Squeeze on cost of living tightens as inflation hits 2.9%
More expensive imports has led to a higher than expected inflation rise to 2.9% in August. The figures further suggest the weak pound has done more harm than good.
UK inflation hit 2.9% in August adding further pressure on the cost of living for Brits. The latest figures from the Office for National Statistics (ONS) show the Consumer Price Index (CPI) 12-month rate rose from 2.6% in July to 2.9% in August. Since the referendum vote last year and aside from a brief dip over June and July, the 12-month inflation rate has steadily risen from 0.5% to the 2.9% we’re seeing now. Inflation hit 2.9% in May before slowing to 2.6% in June and July.
The ONS said rising prices for clothing and fuel were the main contributors with clothing and footwear inflation reaching a record 4.6%. It added “the rise in inflation in this category may reflect changes in the exchange rate impacting on the most import-intensive categories in the index that includes owner occupiers’ housing costs (CPIH).
The charts below reflect the 12-month rates for CPI, OOH (owner occupiers’ housing costs) and the Consumer Price Index including owner occupiers’ housing costs (CIPH) for the last 10 years.

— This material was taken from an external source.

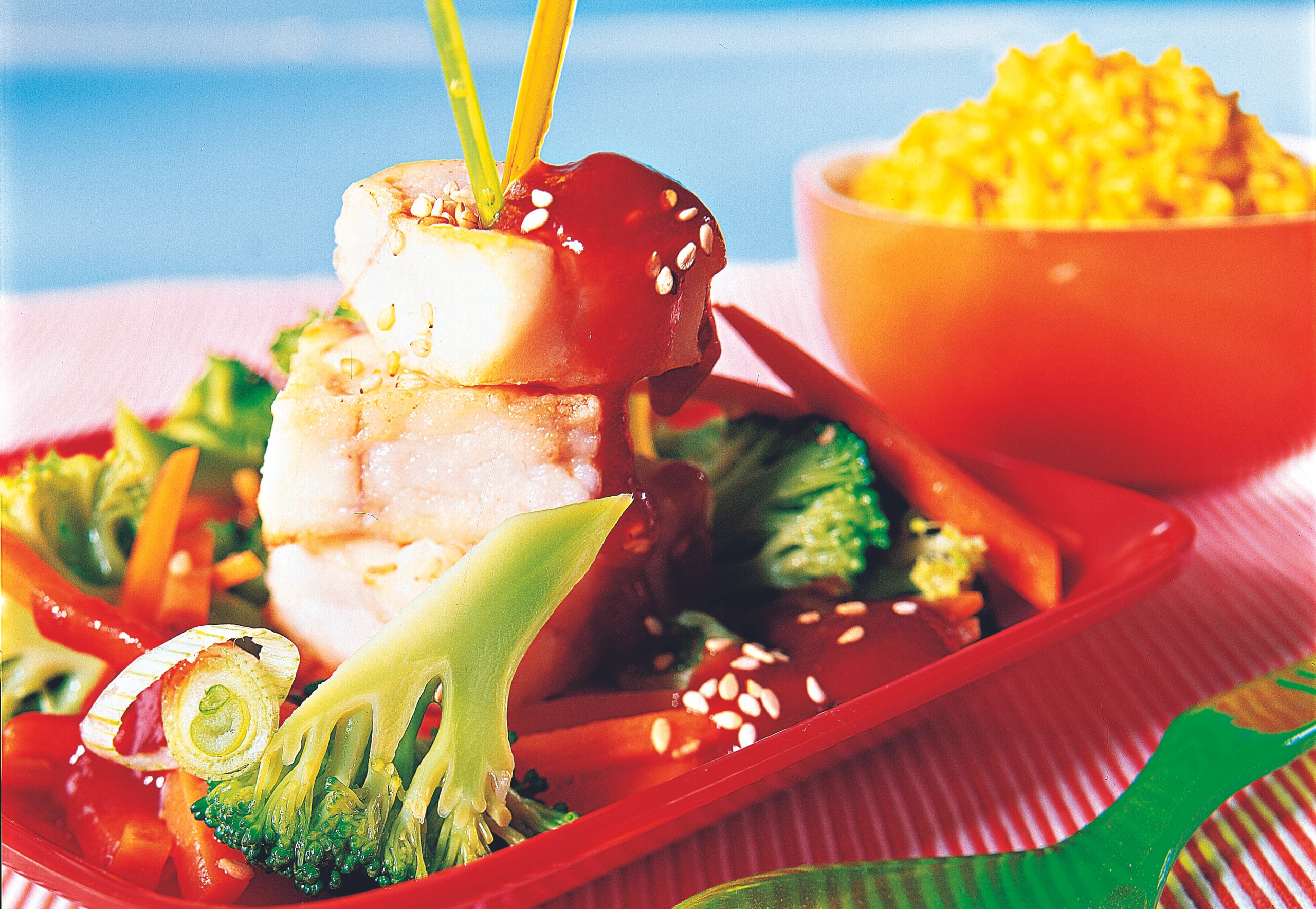 Fisch auf Spießchen stecken, auf dem Gemüse anrichten und mit Sesam bestreuen.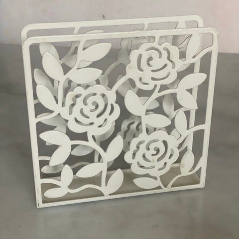 Servietholder i romantisk stil/fashionable. Metal, råhvid. Mål 18x18 cm passer til frokostserviet (16x16cm). Vældig fin til indendørs og udendørs brug.

You can see the full report at ons.gov.uk.
The news follows last week’s report showing the UK trade deficit widened again leading British Chambers of Commerce economist Suren Thiru to say the weakened pound since the Brexit vote has “done more harm than good”.
Commenting on today’s inflation figures Howard Archer, chief economic advisor to the EY Item Club, said the rise back up to 2.9% “very much keeps the squeeze on consumers as it highly likely marked another month of negative real income growth”. He added “inflation will likely hover around 3% over the rest of 2017 and earnings growth looks unlikely to pick up significantly in the near term at least”.
Consumers still look unlikely to see any significant easing in their squeeze before 2018. Inflation will likely hover around 3% over the rest of 2017 and earnings growth looks unlikely to pick up significantly in the near term at least.
This does not bode well for consumer spending over the rest of 2017.
Howard Archer, chief economic advisor to the EY Item Club
TUC general secretary Frances O’Grady called on the government “to get a grip and get pay rising across the economy” before adding “a good start would be to scrap the pay cap for all public sector workers”.
In a tweet, Lib Dem leader Vince Cable said the rise inflation meant public sector workers face a 2% cut in the coming year.
Nurses, teachers and other public sector workers face 2% pay cut in the coming year. Govt must urgently lift pay cap https://t.co/UJ5tKqgZUQ
— Vince Cable (@vincecable) 12 September 2017
We’ll find out just how big the squeeze is on Britons’ cost of living when the ONS publishes the latest wage growth figures tomorrow.